Claude can process up to 100 pages of PDF content in a single call. For longer documents, chunk them into sections or use Claude's large context window to process the full text extracted from the PDF. Direct PDF processing preserves layout information that plain text extraction loses — tables, headers, and section structure — which improves extraction quality for structured documents like contracts, invoices, and reports.
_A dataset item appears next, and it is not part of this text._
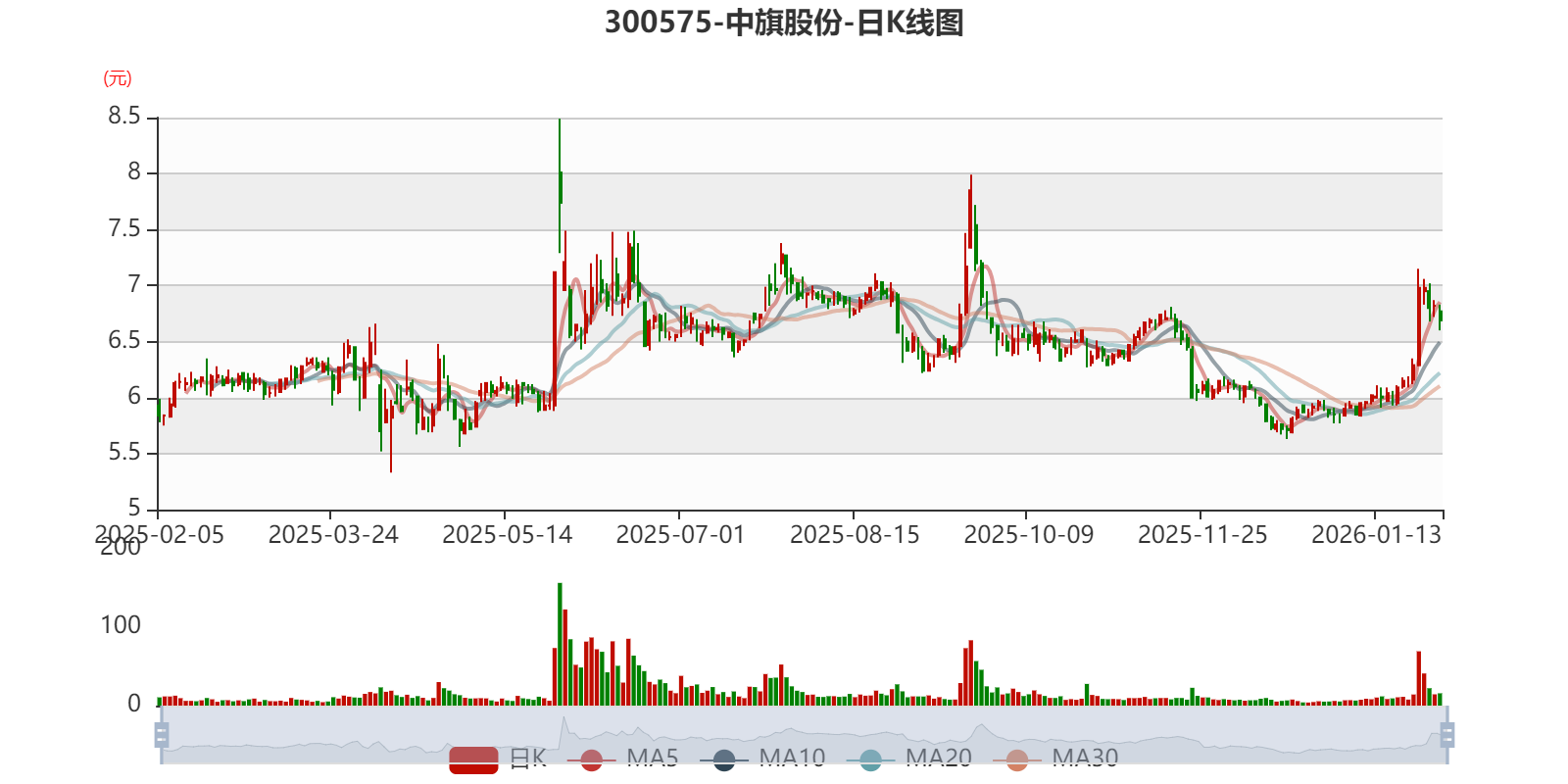 中证智能财讯中旗股份(300575)1月29日晚间披露2025年度业绩预告,预计2025年归母净利润亏损1.8亿元至2.2亿元,上年同期盈利1172.1万元;扣非净利润亏损1.75亿元至2.15亿元,上年同期盈利2449.86万元。以最新收盘价计算,市净率(LF)约1.62倍,市销率(TTM)约1.27倍。

Comparing Claude to GPT-4o for Production Use

Claude and GPT-4o occupy the same tier in terms of general capability, and the right choice depends on your specific requirements rather than raw benchmark rankings. Claude's strengths in production contexts include superior instruction following and adherence to system prompt constraints, stronger performance on long-form writing and nuanced analysis, a more predictable communication style that tends toward clarity and directness, and the 200K token context window that exceeds GPT-4o's 128K for long-document workloads. GPT-4o's strengths include a more mature tool use and function calling ecosystem, broader third-party integration and documentation, and first access to OpenAI's latest features. For data residency and compliance, both providers offer enterprise tiers with private networking — the choice between them often comes down to which provider's compliance certifications and data handling agreements are a better fit for your organisation's requirements. Running both on a representative sample of your actual queries and measuring quality on your specific task distribution is the only reliable way to determine which performs better for your use case.